We call ourselves “Parkchester Girls”!
Wow, Dana, I just love this story so much! How fortunate that you happened to see the notice on Facebook, or you might have missed the reunion entirely! What a fabulous event it was too, and you describe it so well that I almost feel as if I had been there too. And now, eleven years later, you are still in touch with many of those friends. Wonderful!
Thanx Suzy! And that FB neighborhood website continues to be wonderful as folks post memories and questions, often beginning “Who remembers when ….?, or “Is anyone still in touch with ….?”
Then, as with our Retro prompts, the memories come flooding back!
Like your story, Dana, and I could grasp the fun you had with this set of reconnections, especially since I doubt I could name five people in my elementary school classes!
Thanx Marian.
Before that neighborhood reunion I might not have remembered as many names and faces, but once there memories came back!
What a terrific story, Dee! You have inspired me to search FB groups for some of my own schoolmates. I don’t know why, but I remember the name of each and every one of them! But that you happened upon “Parkchester Teens of the 50s” intrigues me…I wonder if I’ll find anything that specific. Will let you know…
Thanx Bebe, indeed there are legions of such groups out there in cyberspace I’m sure, google away and you shall find!
Of course my group is very special as we all know that growing up in the Bronx in those innocent years was very special!
The power of reconnecting people through the internet is astounding–and what a wonderful reunion you had! While we rue the fact that, in this cyber age, people maybe have fewer personal connections, that also enables events like this one.
Yes I agree Khati!
Altho FB and the use of email have their detractors, I think they are both great ways to communicate – before Covid and certainly now.

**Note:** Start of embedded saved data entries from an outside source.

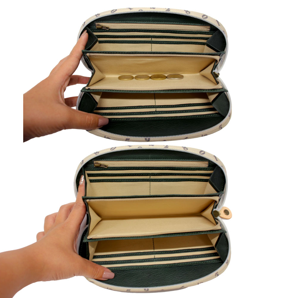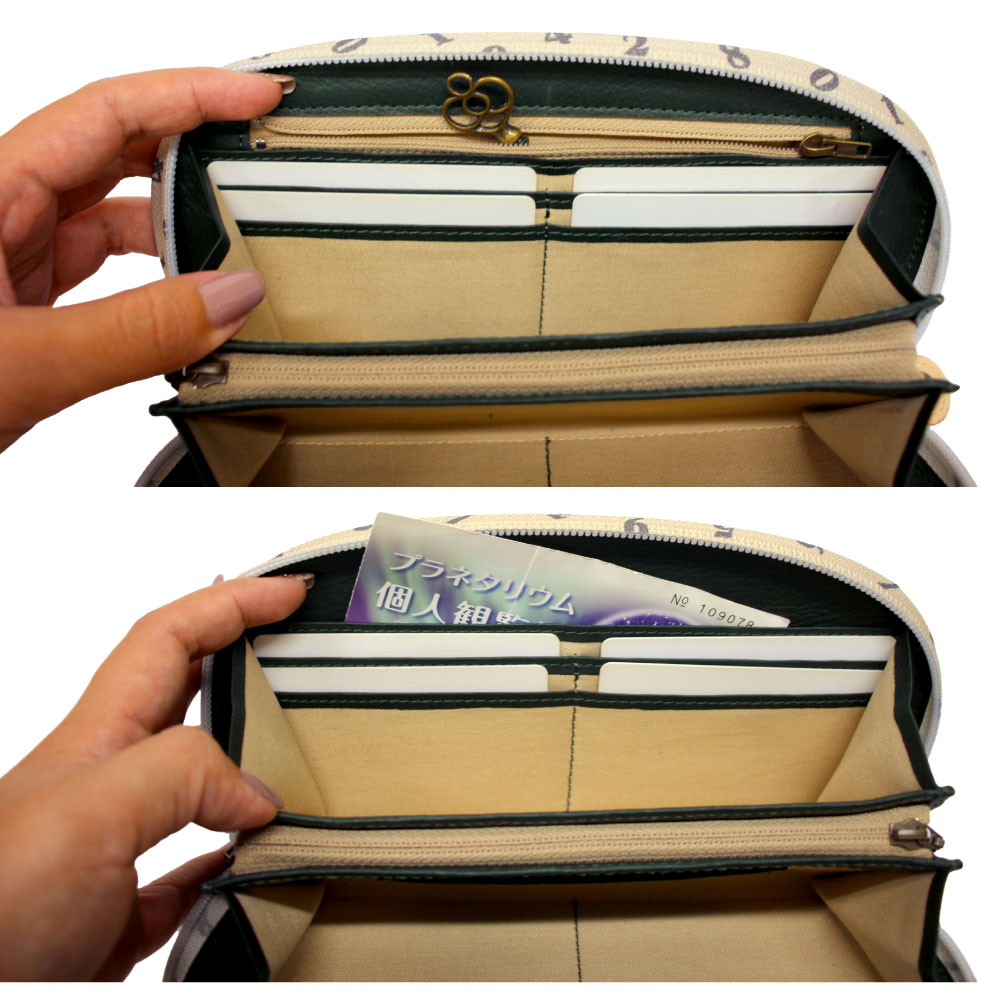 背面部スリットポケット×1 ラウンドファスナー開閉:カードポケット×9 スリットポケット×2 お札入れ×2 L字ファスナー小銭入れ(仕切り無)×1 ファスナーポケット×1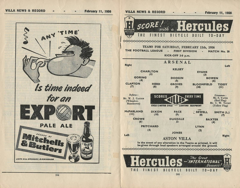 ๐จ 11 Feb 1956, Villa 1-1 Arsenal, Villa Park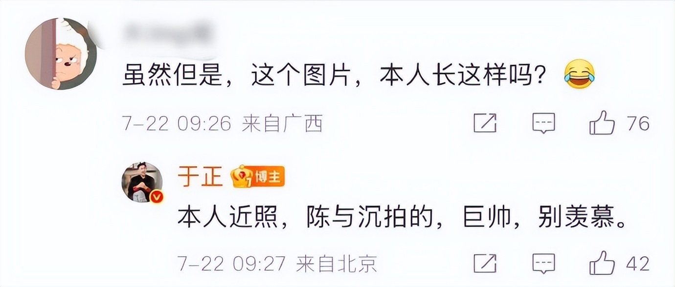 評論區直接炸開鍋。有人當場質疑:“這圖片是本人嗎?”于正親自下場回復,自信滿滿:“本人近照,巨帥,別羨慕。”
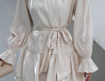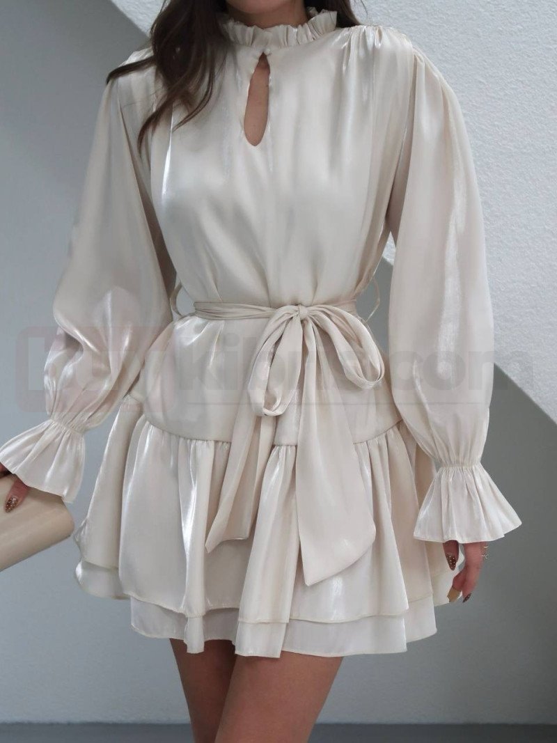 Zarif krem tonu ve parlak saten dokusuyla öne çıkan bu mini elbise, şıklığı sade bir zarafetle buluşturur. Belden bağlamalı kuşak detayı vücudu nazikçe sararken, fırfırlı etek ve kol uçları romantik bir hava katar. Özel günler, davetler ve şık kombinler için ideal olan bu parça, feminen stilin en zarif yansımasıdır.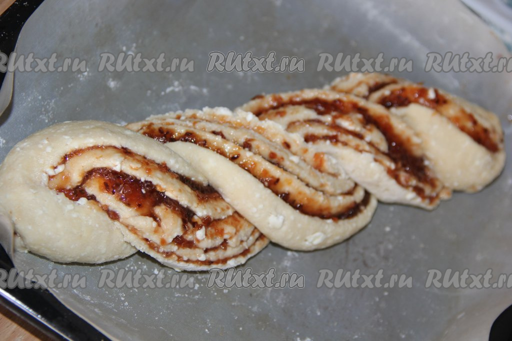 Выпекать творожную плетёнку с джемом в разогретой духовке при температуре 200 градусов, примерно, 45 минут (до золотистого цвета).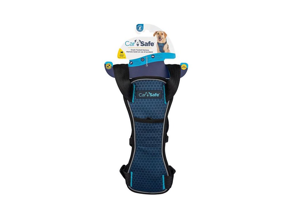 CarSafe Crash Tested Harness od společnosti Company of Animals je ultrapevný a lehký postroj pro psy prověřený při nárazových testech bezpečnosti motorových vozidel a certifikovaný do hmotnosti psa 32 kg. Má dvojí funkci – lze jej použít spolu s bezpečnostním pásem jako přepravní zádržný systém v autě i jako postroj k venčení psa. Je nejen bezpečný, ale také velmi pohodlný. Je vyrobený z kvalitního, pevného, a přesto lehkého materiálu s polstrovaným hrudním i hřbetním dílem opatřeným prodyšnou síťovinou. Speciální reflexní tkanina pak zajišťuje dobrou viditelnost psa v případě potřeby. Postroj je v horní části vybaven madlem, kterým lze protáhnout autopás a připoutat tak vašeho psa k zadnímu sedadlu. D-kroužky v hřbetní a hrudní části zase slouží pro připnutí vodítka v případě, kdy pes potřebuje opustit vozidlo. Díky přezkám na bocích postroj snadno a rychle nasadíte i svléknete, aniž by zvíře muselo zvedat tlapky, a pomocí plastových průvleků nastavíte potřebnou délku popruhu.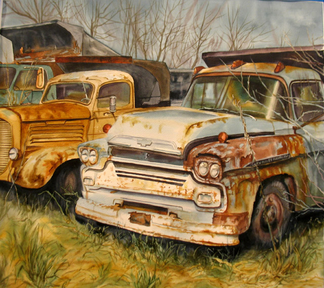 58′ Chevy and A 37′ Dodge, Watercolor Sold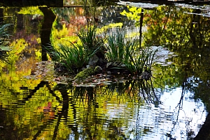澄み切った池の水に季節的に所々紅葉した木々が反射して水面に映る逆さ風景が最高な絵になりました。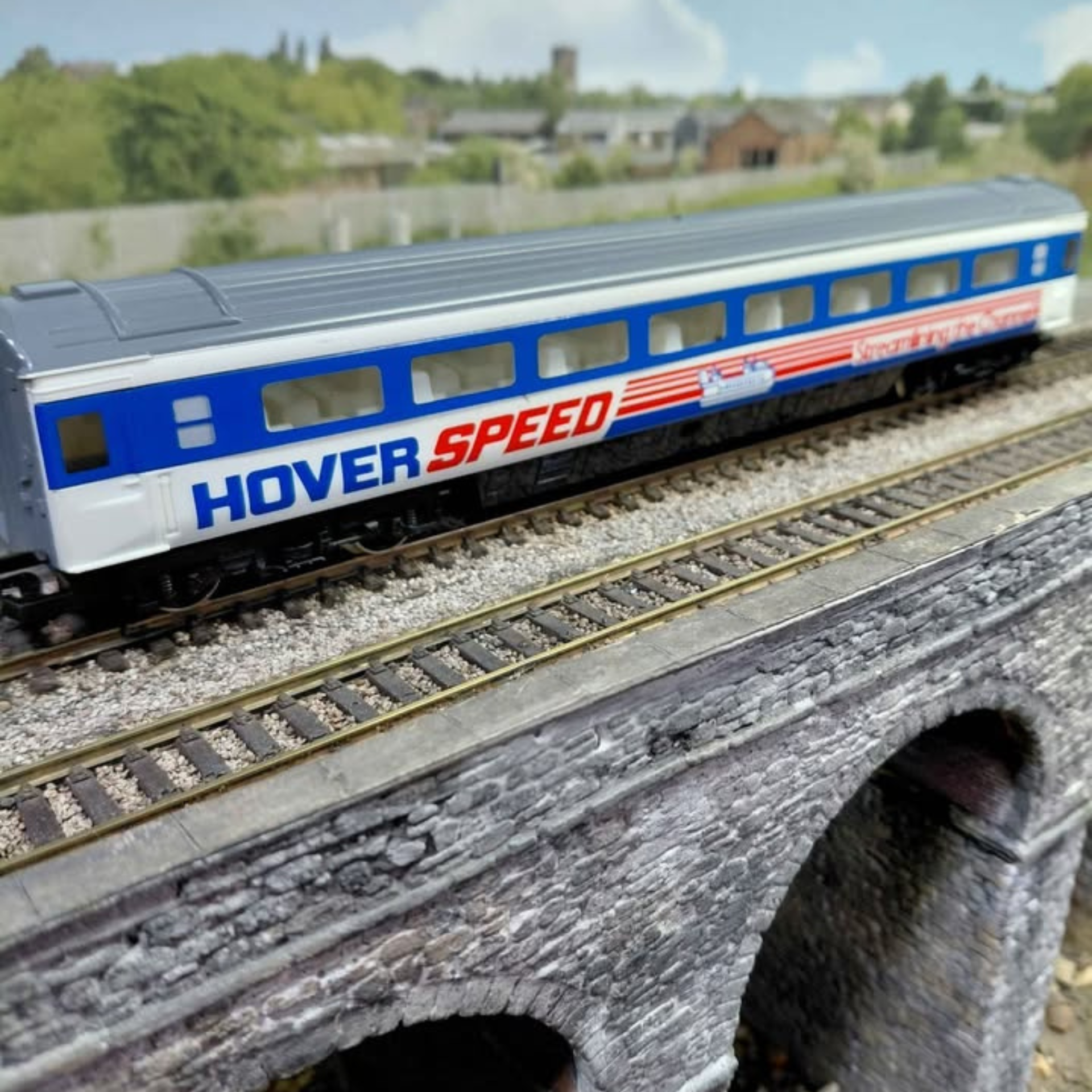 A distinguished Hornby Railways Mk.3a open coach finished in authentic Hoverspeed livery, presented in exceptional pre-used condition. This OO gauge model (R.454) showcases meticulous detailing characteristic of Hornby's heritage collection. Originally boxed, the piece remains pristine throughout, making it an excellent addition for discerning model railway enthusiasts and collectors seeking quality vintage stock in outstanding condition.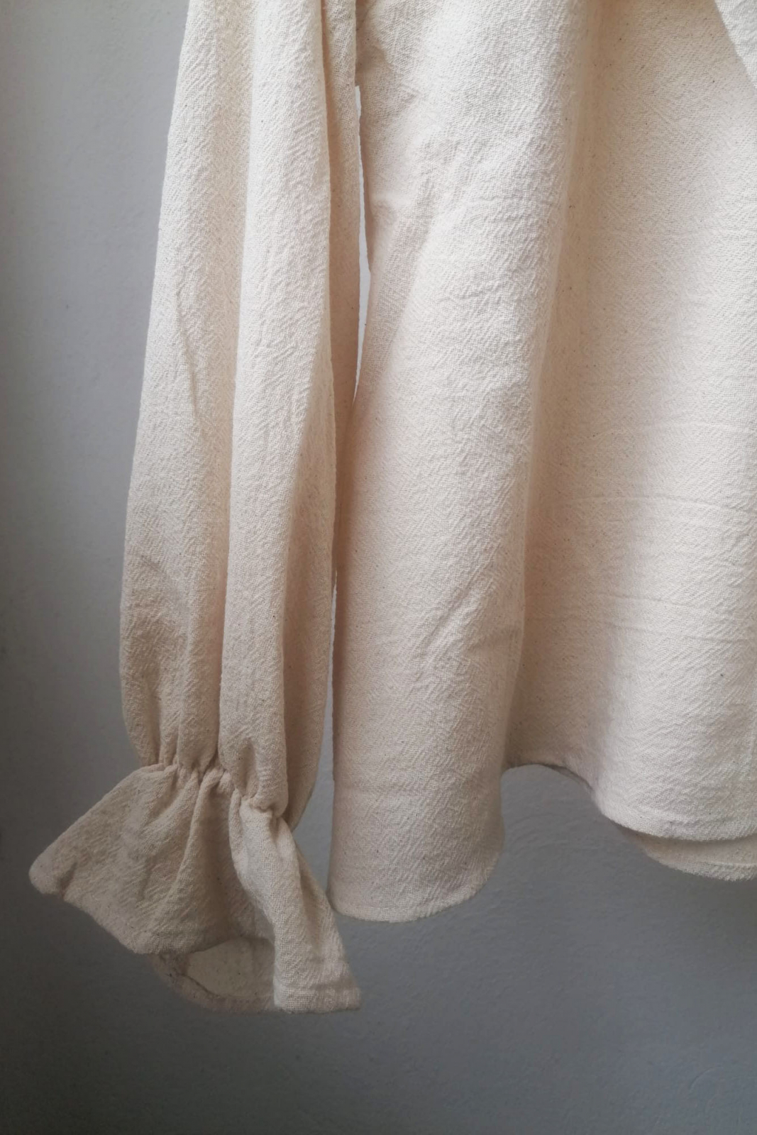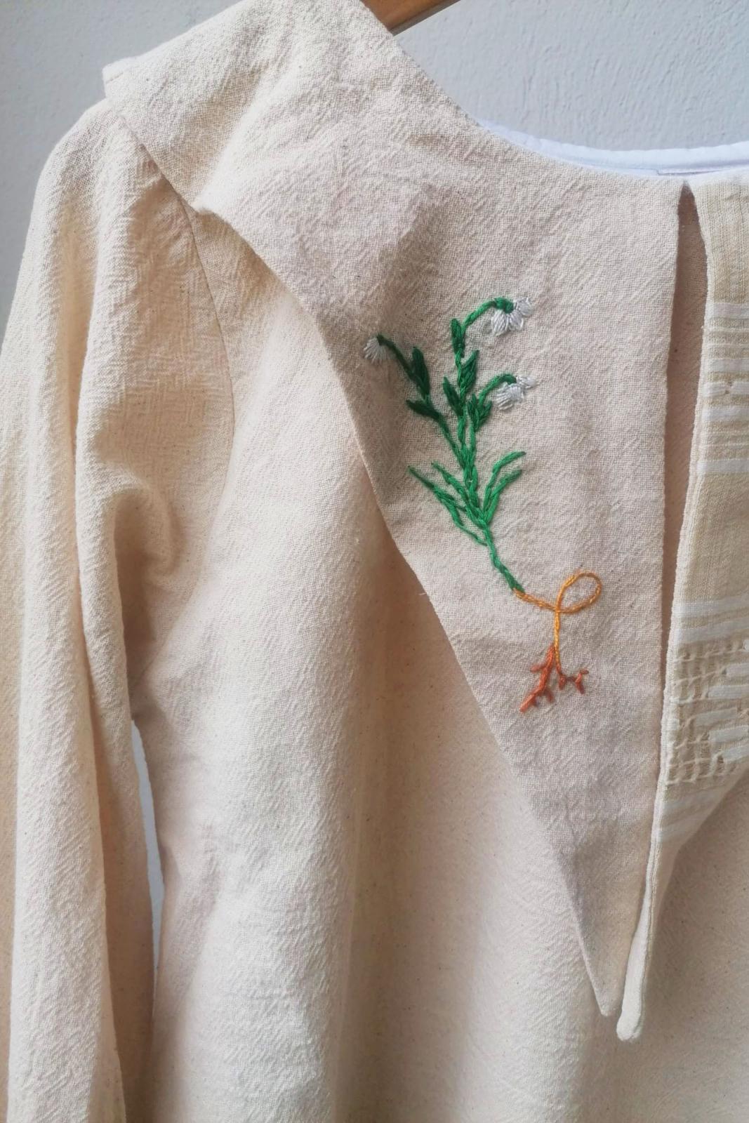 Bluză din bumbac ușor texturat cu broderie manuală pe guler.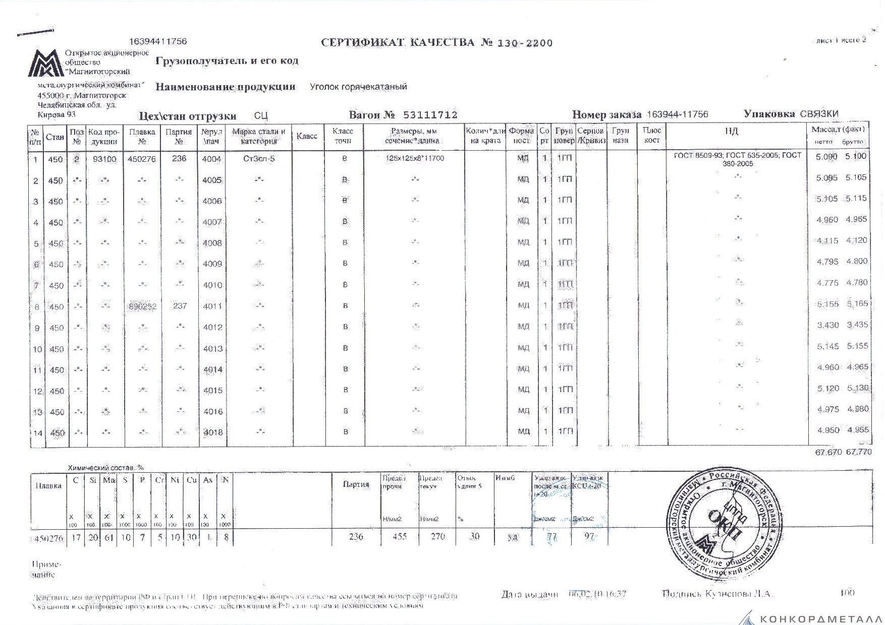 С каждой товарной позицией мы предоставляем все сертификаты и паспорта качества, а также товарно-транспортную накладную.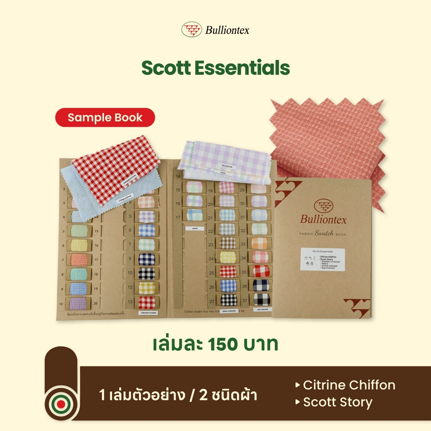 One book will contain 2 types of fabric, which are

And now we couldn’t live without Zoom!
What a satisfying kind of “reconnection.” And a really well-written ending. BTW, one doesn’t often see the expression “housing development” paired with the adjective “beautiful.” Yet there is no reason they should not be paired. (“Another world is possible.”)
Thanx Dale, and yes the Parkchester of my youth was beautiful, and certainly so in my eyes. I hope you’ll read my earlier story, Parkchester, Celebrate Me Home.
Despite the Ogden Nash line, “The Bronx, No thonx” (sic) it was truly a wonderful place to grow up!